» Given records
☆ ☆ ☆ ☆ ☆

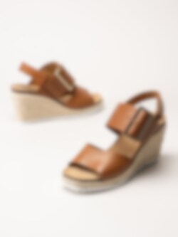 Bruna kilklackade sandaletter Tyra Cognac i skinn från Sweeks. Fina sommarskor med hälrem som stängs med velcro och justerbart guldspänne i metall. Repklädd kilklack som blir riktigt snygg till sommarens outfits. Klackhöjd på ca 8 cm med platå på ca 2.5 cm. Vit yttersula i ett lite vågigt synestetiskt material. Snygg och skön sommarsandal när du vill vara lite mera klädd.
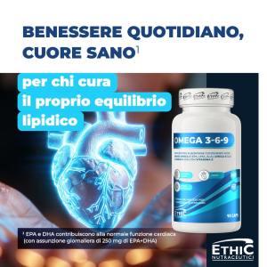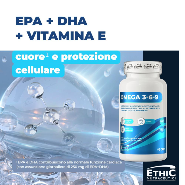 OMEGA 3-6-9 è indicato nei casi di ridotto apporto alimentare di acidi grassi essenziali. La combinazione di EPA+DHA e Vitamina E rappresenta un sostegno quotidiano al benessere cardiovascolare¹ e alla protezione cellulare², contribuendo a un equilibrio nutrizionale ottimale. EPA e DHA (olio di pesce) ? contribuiscono al normale funzionamento cardiaco¹ - ALA (olio di semi di lino) ? acido grasso essenziale precursore degli Omega 3 a lunga catena. - Omega 6 (acido linoleico) ? componente importante del metabolismo lipidico - Omega 9 (acido oleico) ? tipico della dieta mediterranea, contribuisce a un profilo alimentare bilanciato. - Vitamina E ? contribuisce a proteggere le cellule dallo stress ossidativo²
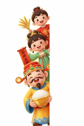 喜庆卡通插画风,国潮拟人财神倾金元宝,鎏金剪纸元素点缀,红梅灯笼映衬,福字高悬,春节氛围浓郁。
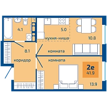 2х комнатная квартира - трансформер 55,1 м2. с гибкой планировкой позволит вам легко перепланировать комнаты по своему желанию.
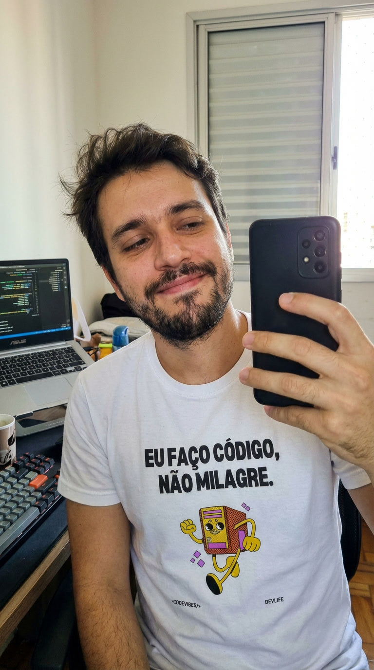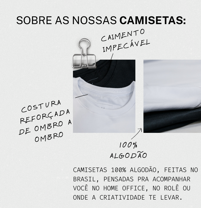 Nossas camisetas usam algodão brasileiro de alta qualidade, confortável e leve para todos os climas.
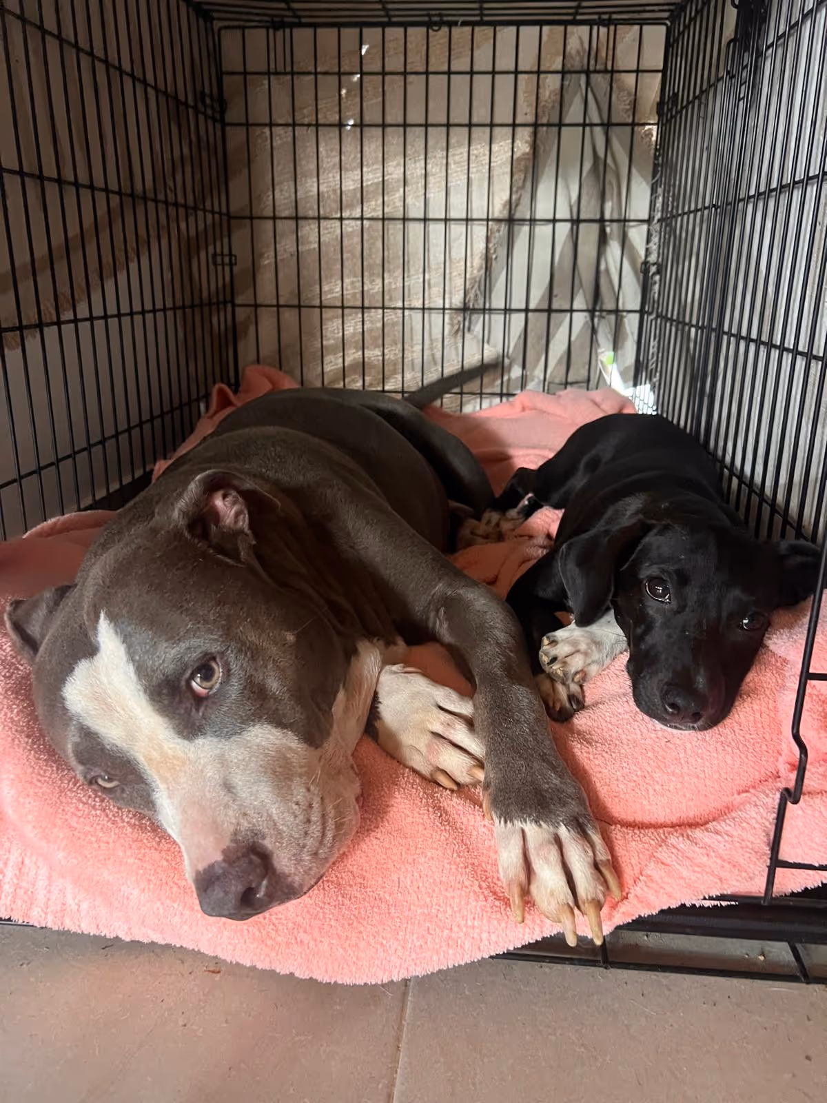 Toby is full house trained and LOVES his crate, he feels safest. He also likes to lay on his bed and chew a good bone or wrestle with his foster friends.
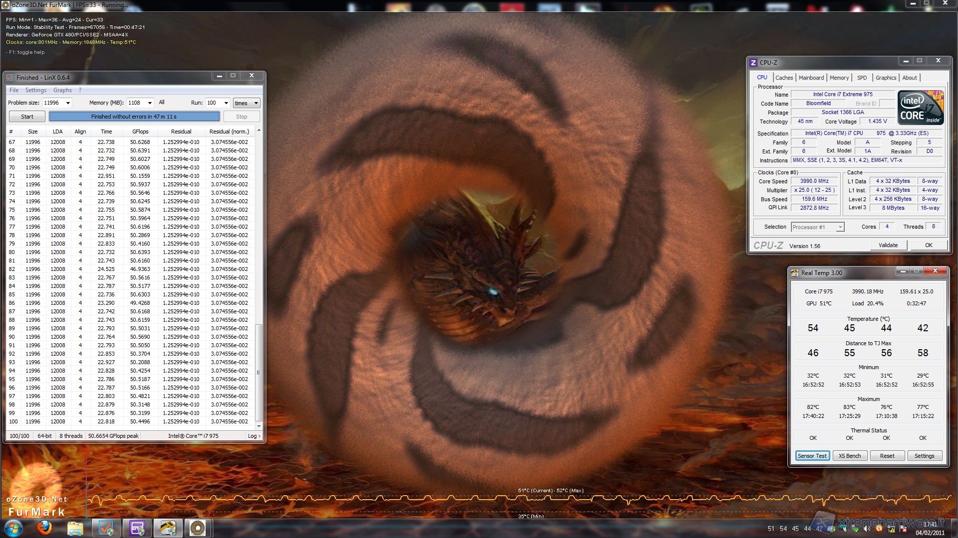 Per la VGA abbiamo usato, come detto, Furmark in modalità Burst (test di stabilità) a risoluzione FullHD 1920x1080. Lo screen seguente è un esempio di come i due programmi di stress siano stati fatti girare contemporaneamente.
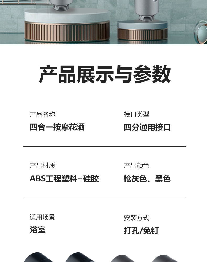 • 【SA-39】건메탈 그레이 【필터 가압】 3단 분사 마사지 샤워기 + 무타공 거치대
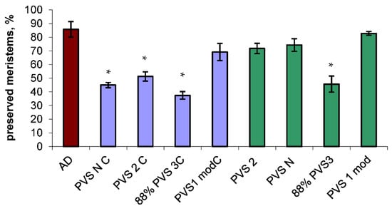Figure 2). The highest post-thaw preservation was found for pretreatment with modified PVS 1 (81–84%). The lowest survival rates were observed in the case with 88% PVS 3 (40–51%). The meristems treated with PVS 2 and PVS N showed survival indices of 68–75 and 70–78% respectively.
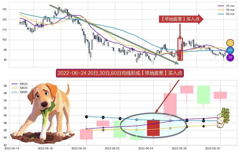 ⚀ 2022-06-24日显现 20日-30日-60日均线 【旱地拔葱】买入点 看多信号,后市看涨,买入
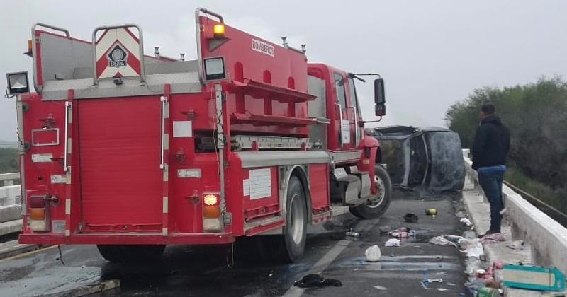Volcadura e incendio de vehículo deja 4 lesionados en carretera a Matamoros
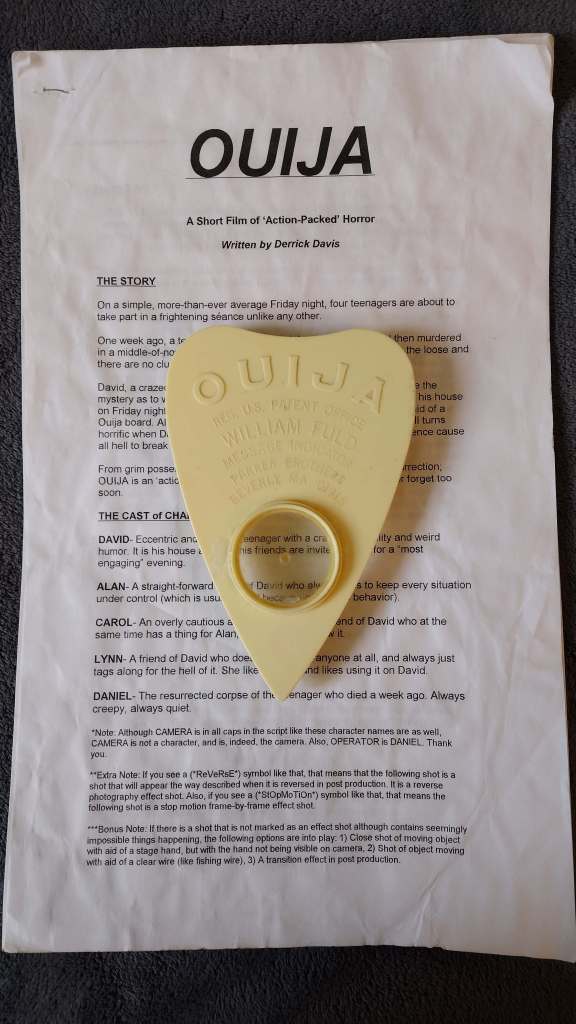 To end my massive story behind ‘OUIJA,’ we are going back to where it all began. “Part Two” of this article showcases the document that I wrote in 2004, with some minor revisions. I hope you enjoy “teenager Derrick” and his writing. And please if you haven’t already, watch my ‘OUIJA’ film, damn it! Have a good laugh and be sure you stay through the credits! Lastly… if you somehow summon any spirits by mistake, make sure they “go to hell, and stay there this time!”
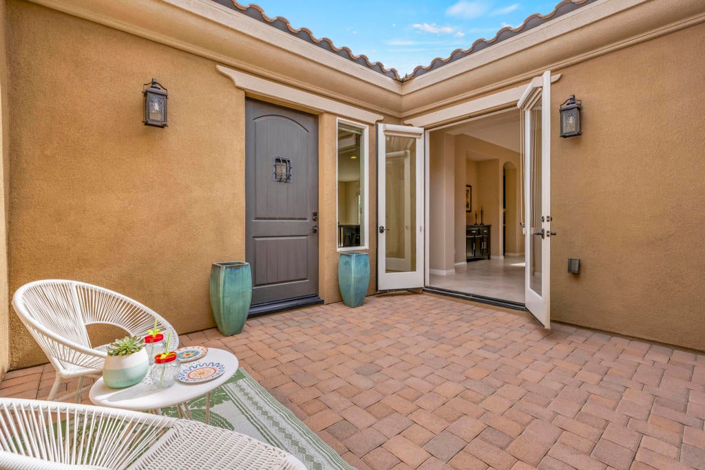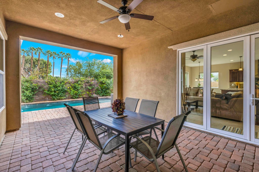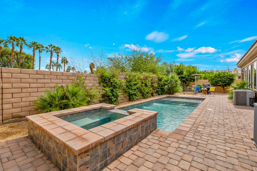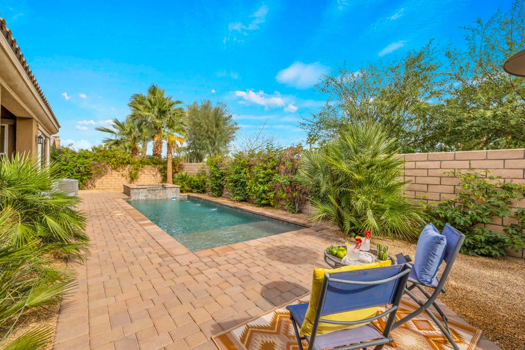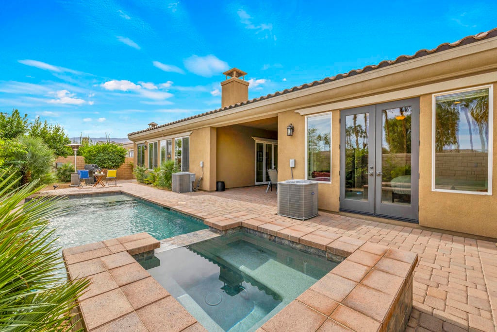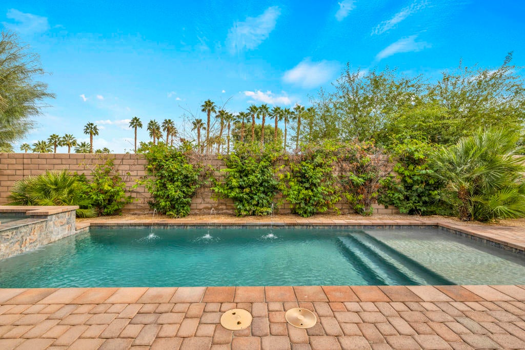 Step beyond the paver-finished courtyard entry and into a sanctuary where luxury meets the quintessential desert lifestyle. This meticulously cared-for residence is a testament to true pride of ownership and features a brilliant, well-designed floor plan offering exceptional separation between the Primary and Guest Suites; notably, all bedrooms are en-suite. The heart of the home is a grand entertaining space with soaring 10-foot ceilings and sun-drenched rooms. The architectural highlight is the expansive great room, where a striking set of accordion pocket doors glides open to the covered patio, creating a seamless, unforgettable indoor-outdoor living experience. The gourmet kitchen is a chef's dream, featuring a grand island, a five-burner gas cooktop, chimney-style range hood, and thoughtful storage including a large pantry and butler's pantry. A double convection oven/microwave combo, ensure every culinary endeavor is a success. Elegance extends to the Primary Suite, a private retreat with dual vanities, a large soaking tub, and French doors leading directly to the resort-style backyard oasis. The outdoor space is defined by the Palm Springs blue PebbleTec swimming pool, tanning shelf, and elevated spa, complemented by handsome pavers throughout. Additional refined interior details, such as the glazed porcelain tile, new carpeting, and Hunter Douglas roller shades, underscore the home's commitment to enduring style, making this a sophisticated and turn-key desert haven.

☆ ☆ ☆ ☆ ☆

» What the task asks
For this exercise, please set down exactly the lines of the listing above from the line with "喜庆卡通插画风,国潮拟人财神" up to and including the line with "Volcadura e incendio", and no pictures.

» Written answer
 喜庆卡通插画风,国潮拟人财神倾金元宝,鎏金剪纸元素点缀,红梅灯笼映衬,福字高悬,春节氛围浓郁。
 2х комнатная квартира - трансформер 55,1 м2. с гибкой планировкой позволит вам легко перепланировать комнаты по своему желанию.
 Nossas camisetas usam algodão brasileiro de alta qualidade, confortável e leve para todos os climas.
 Toby is full house trained and LOVES his crate, he feels safest. He also likes to lay on his bed and chew a good bone or wrestle with his foster friends.
 Per la VGA abbiamo usato, come detto, Furmark in modalità Burst (test di stabilità) a risoluzione FullHD 1920x1080. Lo screen seguente è un esempio di come i due programmi di stress siano stati fatti girare contemporaneamente.
 • 【SA-39】건메탈 그레이 【필터 가압】 3단 분사 마사지 샤워기 + 무타공 거치대
Figure 2). The highest post-thaw preservation was found for pretreatment with modified PVS 1 (81–84%). The lowest survival rates were observed in the case with 88% PVS 3 (40–51%). The meristems treated with PVS 2 and PVS N showed survival indices of 68–75 and 70–78% respectively.
 ⚀ 2022-06-24日显现 20日-30日-60日均线 【旱地拔葱】买入点 看多信号,后市看涨,买入
Volcadura e incendio de vehículo deja 4 lesionados en carretera a Matamoros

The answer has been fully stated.